The kitchen shows the full-scale of compromise between our distinct design ideas. The light green lower cabinets add the layer of color that fit her style, but have a gray tone that doesn’t stray from my own style. We also purchased the hardwood open shelves as raw material from a lumberyard, sanded them down, cut, drilled, and stained them ourselves. This added a personal touch, warmth, and texture to the kitchen, but didn’t make us go in over our heads with custom design ideas.
We found a great Bosch hood vent that fits within the depth of the upper cabinets. It is completely concealed for a very clean look. When we want to use it, we just slide the vent out and it extends over the whole range to catch all the oil and fumes.
In the bedroom, we added a series of wardrobes that Maggie and I built from Ikea. We had the contractor frame them so they’d look like built-in millwork. We installed linear LED lighting with motion sensors in each closet, so they automatically turn on when you open the doors. The satin brass hardware gives them a clean, refined look and matches the hardware elsewhere in the home. Full-height doors also allowed us to maximize storage and make the room look taller.
We gutted the entire bathroom and replaced everything including the bathtub. We used horizontal wood-look ceramic tile on the back wall of the shower for a spa-like feel and coupled it with the marble-style ceramic tile on the walls.
Our Sweeten contractor was a great problem-solver and set up a very aggressive six-week timeline, but it was understood that we would be moving in during the renovation by that point. The contractors finished the bedroom in such a narrow window before the movers arrived that the baseboards were still wet. About a week and a half later, they had completed the bathroom and the flooring in the living room so that we could move in. We lived in construction for about another month before the project was completely done.
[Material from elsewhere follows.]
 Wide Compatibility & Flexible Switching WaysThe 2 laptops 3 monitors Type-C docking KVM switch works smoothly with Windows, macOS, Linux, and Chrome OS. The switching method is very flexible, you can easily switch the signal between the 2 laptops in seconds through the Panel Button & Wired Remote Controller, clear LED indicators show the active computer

This put some stress on everyone, including our dog Ellie, but it was quickly relieved once we were living in the finished product. Now we can come home to a well-lit, functional space that’s comfy, sophisticated, and fits our needs exactly.
We loved reading real reviews from real people and seeing photos from actual projects on Sweeten’s site. At the end of the day, we could rest assured that our contractor would finish the job and maintain a good relationship because he knew our review would reflect his work and dedication to our project. Our contractor got five stars for doing just that.
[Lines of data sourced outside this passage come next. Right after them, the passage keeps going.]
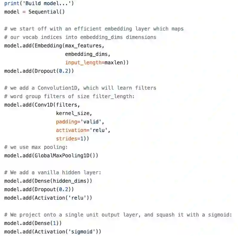 不过,从实作面的角度来看,透过Keras,CNN的原理也不是太重要,只要找对API即可 (Conv1D)。在以下这个实作范例中,大约需要20行的代码,即可建出这个model: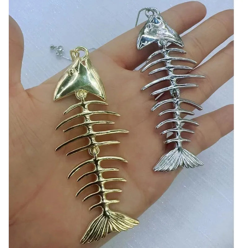 Wholesale Jewelry Funny Classic Style Artistic Fish Bone Copper 18K Gold Plated box chain Pendant Necklace
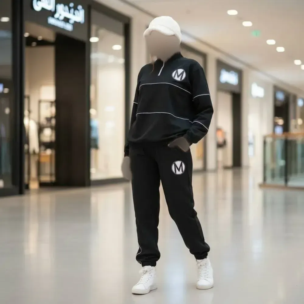 **ست سویشرت و شلوار زنانه مدل M، فری سایز، جنس گلکسی پنبه مشکی**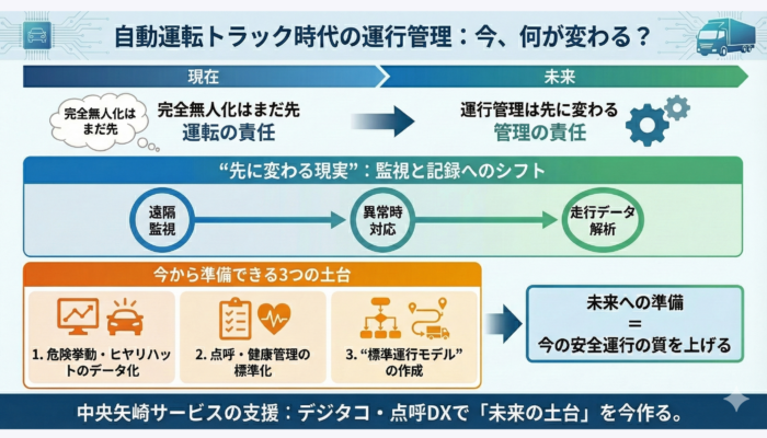 自動運転トラックは来る。じゃあ運行管理はどう変わる?自動運転の話題は、現場で温度差が出やすいテーマです。「まだ先だ」と笑う人もいれば、「仕事がなくなる」と構える人もいる。結論を先に言うと、完

KITCHEN RESOURCES: Cabinets: Kingswood. Lower cabinet paint in Tree Moss: Benjamin Moore. Upper cabinet paint in Bright White: Sherwin Williams. Cabinet hardware: Lewis Dolin. Countertops and backsplash in Calacatta Borgnini: Quartz Masters. TruGranite sink: MR Direct. 800 Series B11CB81SSS 24” refrigerator, 800 Series 30″ Slide-in gas range, 800 Series 24″ dishwasher, retractable hood: Bosch. Overhead lighting: Zhane Linear Suspension. Under cabinet lighting: Luminii.
BATHROOM RESOURCES: Alaplana light brown wood shower wall tile, 2×8 slate herringbone floor tile, ceramic marble shower tile: Quality Tile. Rook hardware and shower fixtures in black nickel: Brizo. Bathtub: Kohler. Corbelle toilet: Kohler. Jensen Horizon medicine cabinet: Amazon. Bathtub door: Dreamline.
LIVING ROOM/DINING ROOM: Recessed lighting: Lucifer. Light fixture: Shades of Light. Cabinet wardrobes: Ikea.
BEDROOM: 1”-square LED downlight: Juno. Pax closets: Ikea. Under cabinet lighting: Feelux.